**Source material**

·····

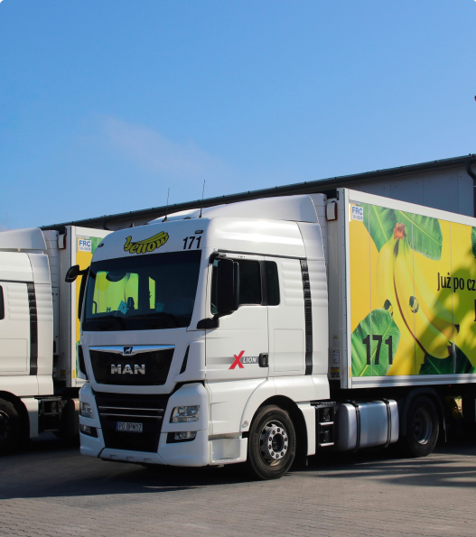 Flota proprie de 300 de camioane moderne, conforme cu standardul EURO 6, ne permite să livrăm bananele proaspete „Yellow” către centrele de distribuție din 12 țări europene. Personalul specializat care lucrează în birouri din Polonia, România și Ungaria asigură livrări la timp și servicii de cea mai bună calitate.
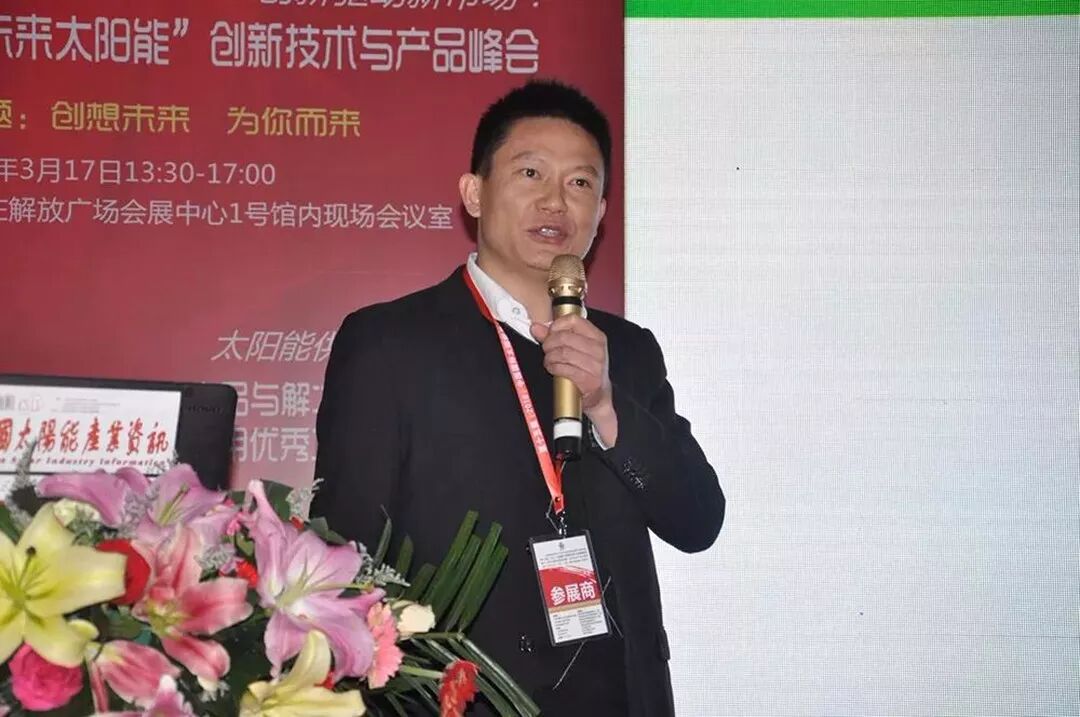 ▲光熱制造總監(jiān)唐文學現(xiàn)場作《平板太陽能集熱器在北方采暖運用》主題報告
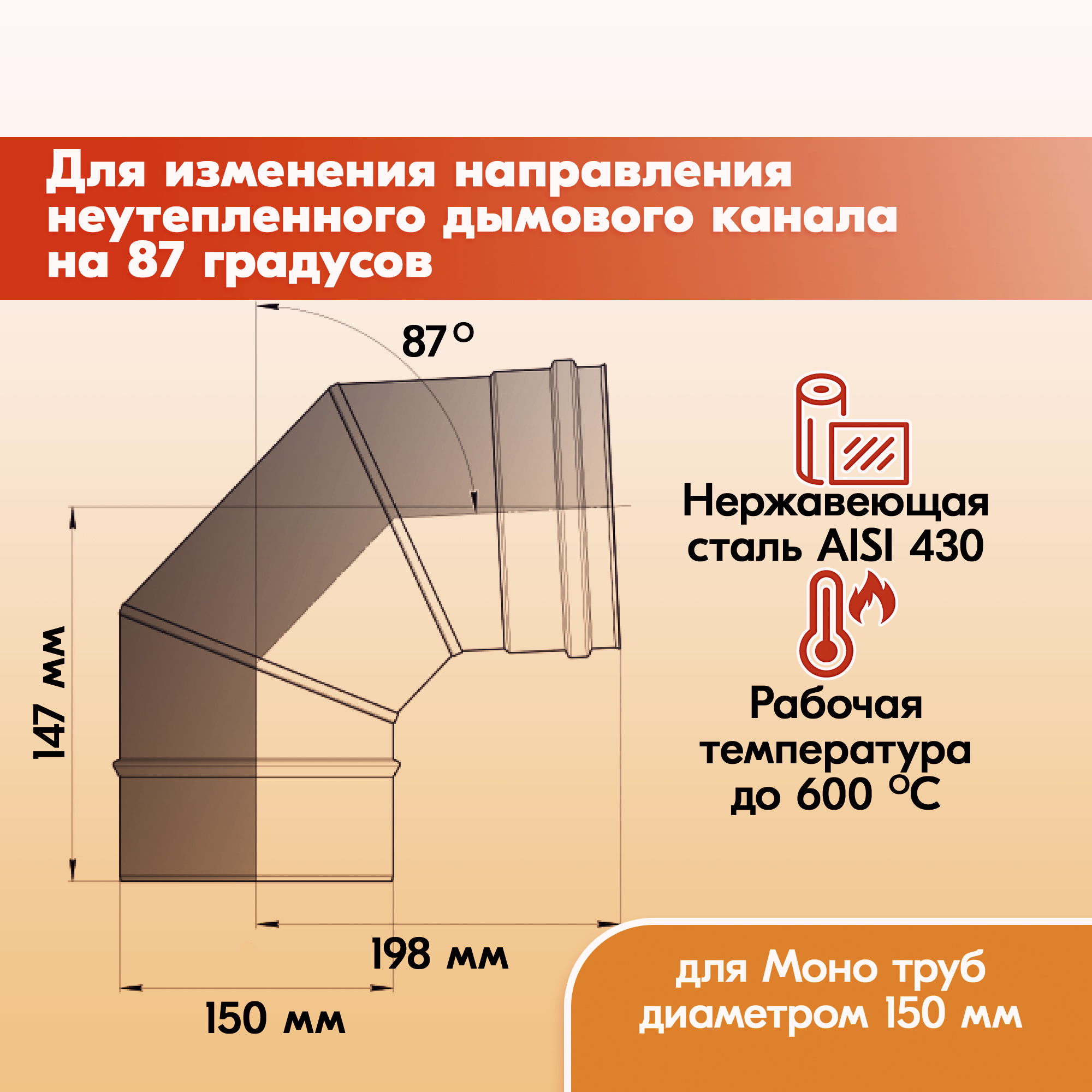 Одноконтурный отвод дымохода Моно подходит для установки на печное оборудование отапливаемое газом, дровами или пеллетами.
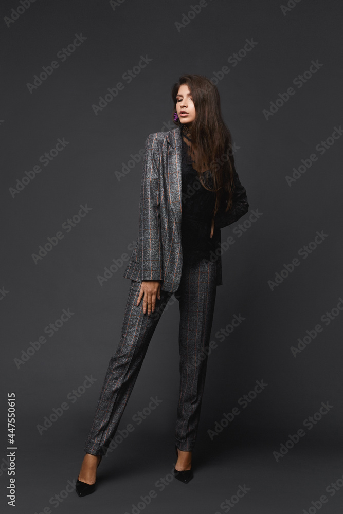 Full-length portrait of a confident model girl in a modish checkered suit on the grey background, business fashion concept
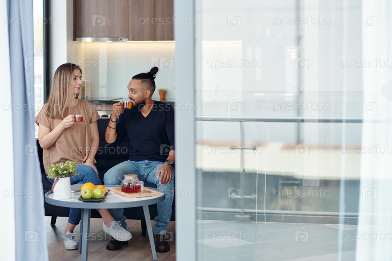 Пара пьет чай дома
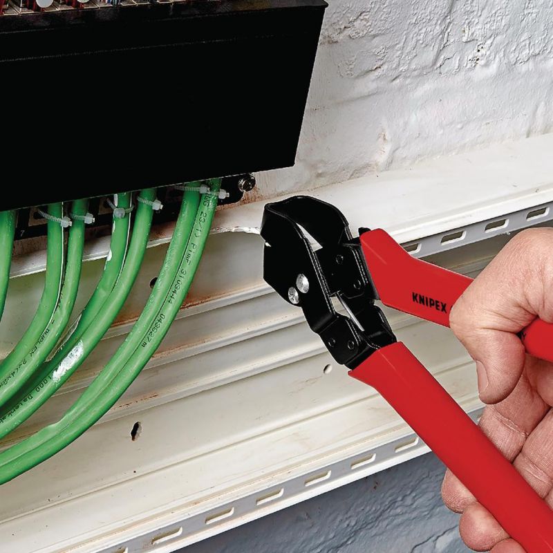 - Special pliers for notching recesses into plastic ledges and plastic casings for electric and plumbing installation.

·····

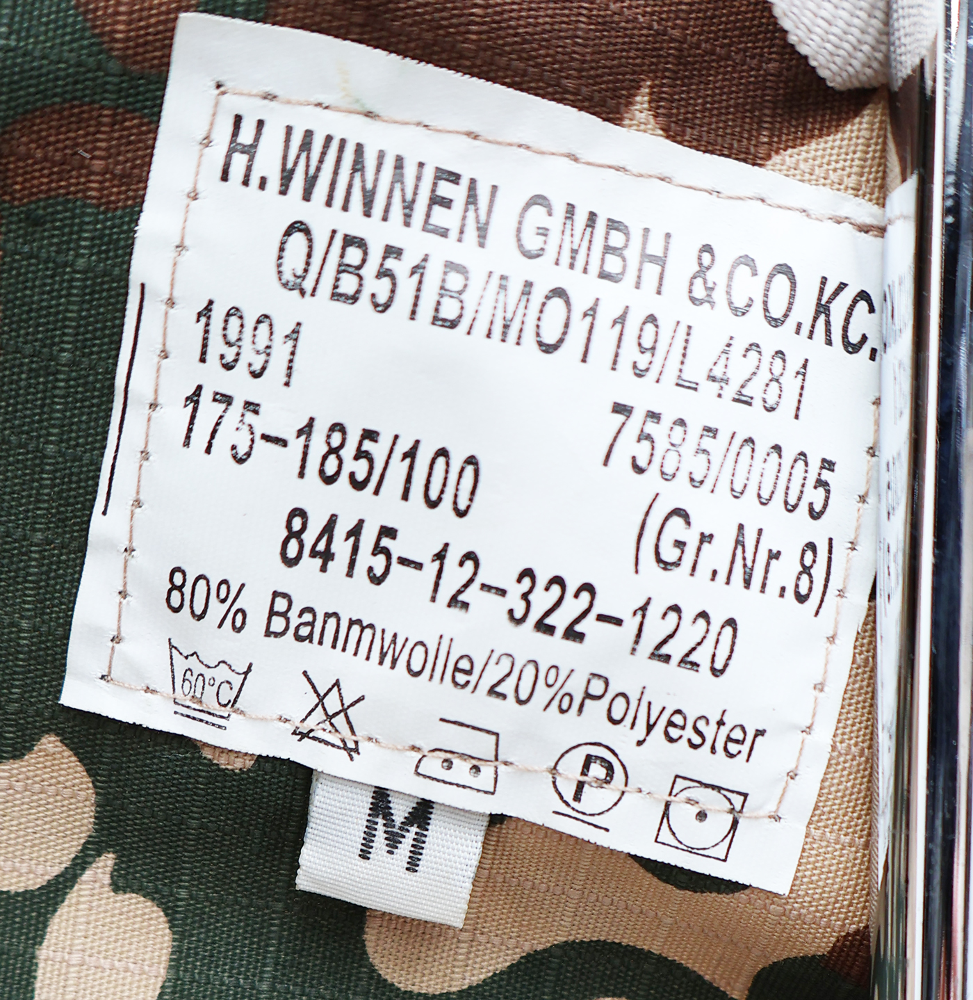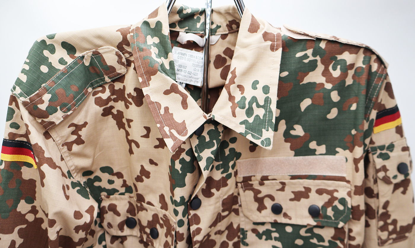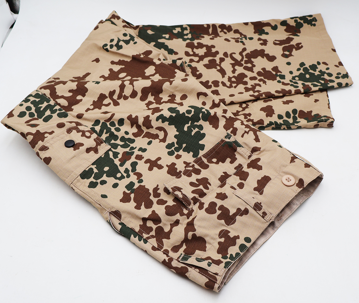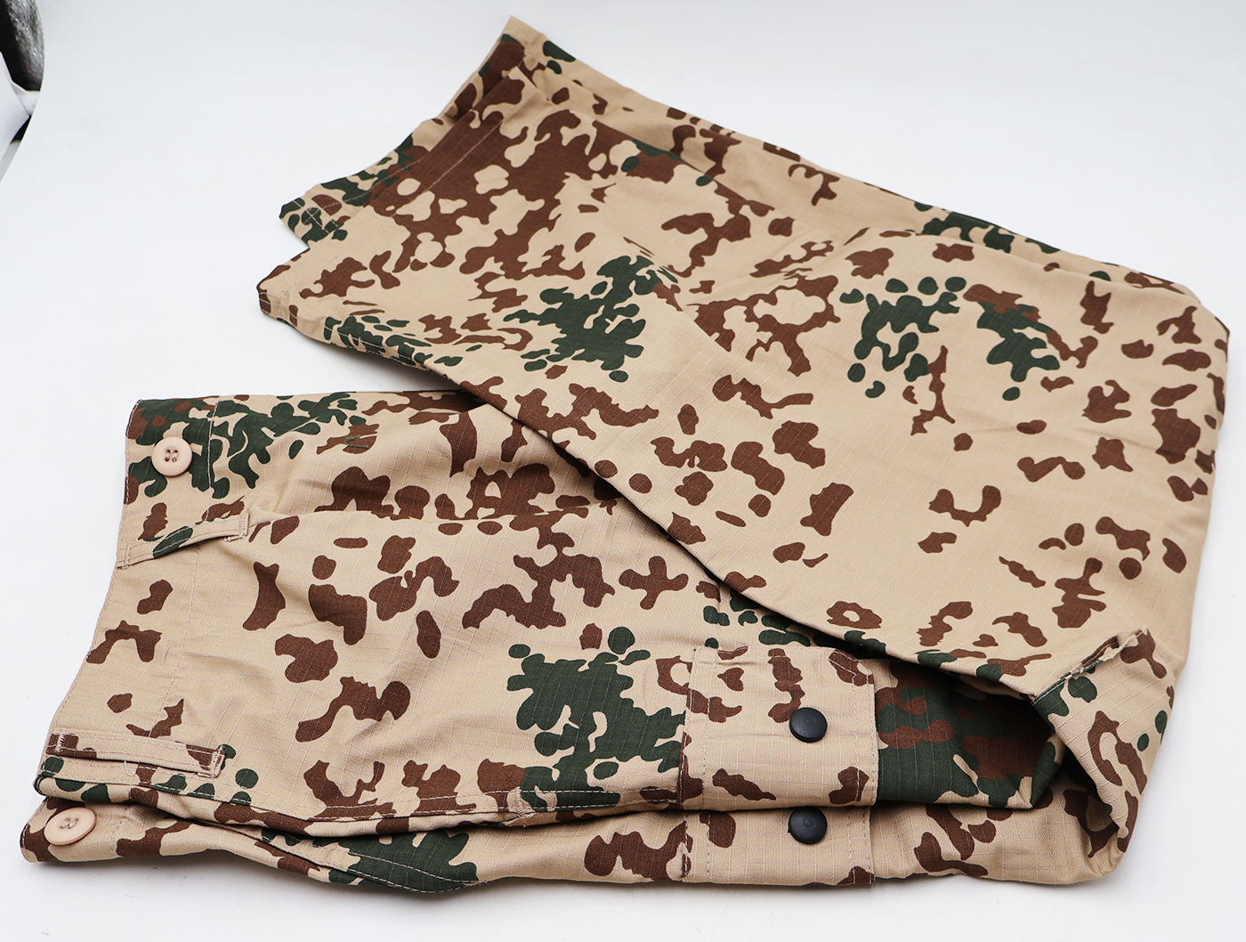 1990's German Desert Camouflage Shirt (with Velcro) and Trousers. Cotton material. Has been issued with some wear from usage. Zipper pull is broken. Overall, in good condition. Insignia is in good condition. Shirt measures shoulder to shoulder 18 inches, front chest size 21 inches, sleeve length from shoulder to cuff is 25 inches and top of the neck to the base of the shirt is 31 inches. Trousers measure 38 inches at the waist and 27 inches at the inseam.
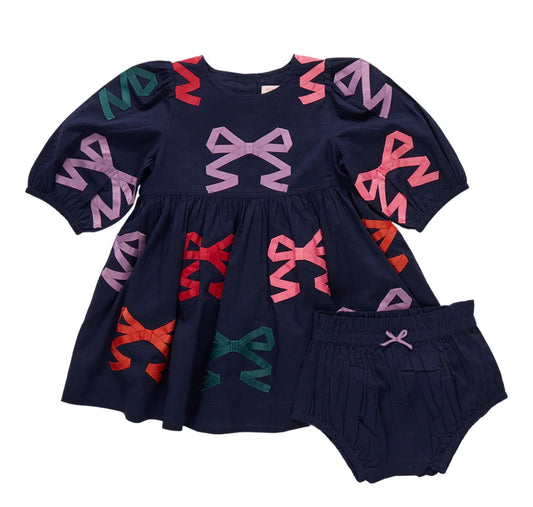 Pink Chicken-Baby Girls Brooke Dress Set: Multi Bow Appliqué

·····

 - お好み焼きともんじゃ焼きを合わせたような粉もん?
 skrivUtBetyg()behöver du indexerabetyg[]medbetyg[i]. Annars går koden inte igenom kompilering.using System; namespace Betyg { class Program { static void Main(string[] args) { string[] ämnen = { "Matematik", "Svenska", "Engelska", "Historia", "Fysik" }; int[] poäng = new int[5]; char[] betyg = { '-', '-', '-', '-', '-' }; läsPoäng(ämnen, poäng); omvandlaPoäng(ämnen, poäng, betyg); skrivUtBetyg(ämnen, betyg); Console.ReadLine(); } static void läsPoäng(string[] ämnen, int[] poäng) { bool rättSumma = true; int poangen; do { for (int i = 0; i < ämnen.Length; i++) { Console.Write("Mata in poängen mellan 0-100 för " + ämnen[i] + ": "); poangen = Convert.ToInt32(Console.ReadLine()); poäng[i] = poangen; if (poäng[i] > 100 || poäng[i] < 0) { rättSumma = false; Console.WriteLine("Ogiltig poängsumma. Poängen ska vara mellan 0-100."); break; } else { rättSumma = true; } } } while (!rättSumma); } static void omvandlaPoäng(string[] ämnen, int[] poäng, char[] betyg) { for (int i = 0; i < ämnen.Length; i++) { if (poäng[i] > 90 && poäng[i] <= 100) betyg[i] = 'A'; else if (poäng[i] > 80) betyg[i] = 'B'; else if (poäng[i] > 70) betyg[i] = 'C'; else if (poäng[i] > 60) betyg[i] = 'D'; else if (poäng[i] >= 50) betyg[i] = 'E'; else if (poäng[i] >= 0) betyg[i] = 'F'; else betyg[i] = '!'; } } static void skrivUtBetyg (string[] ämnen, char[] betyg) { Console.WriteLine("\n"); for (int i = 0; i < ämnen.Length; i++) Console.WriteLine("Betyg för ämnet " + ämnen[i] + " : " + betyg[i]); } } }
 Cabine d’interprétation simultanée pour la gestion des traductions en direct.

·····

**What needs to be done**
Please output, exactly as written, the lines above from the one holding "Одноконтурный отвод дымохода" through the one holding "- Special pliers", both included, with the pictures omitted.

**Output of the exercise**
 Одноконтурный отвод дымохода Моно подходит для установки на печное оборудование отапливаемое газом, дровами или пеллетами.
 Full-length portrait of a confident model girl in a modish checkered suit on the grey background, business fashion concept
 Пара пьет чай дома
 - Special pliers for notching recesses into plastic ledges and plastic casings for electric and plumbing installation.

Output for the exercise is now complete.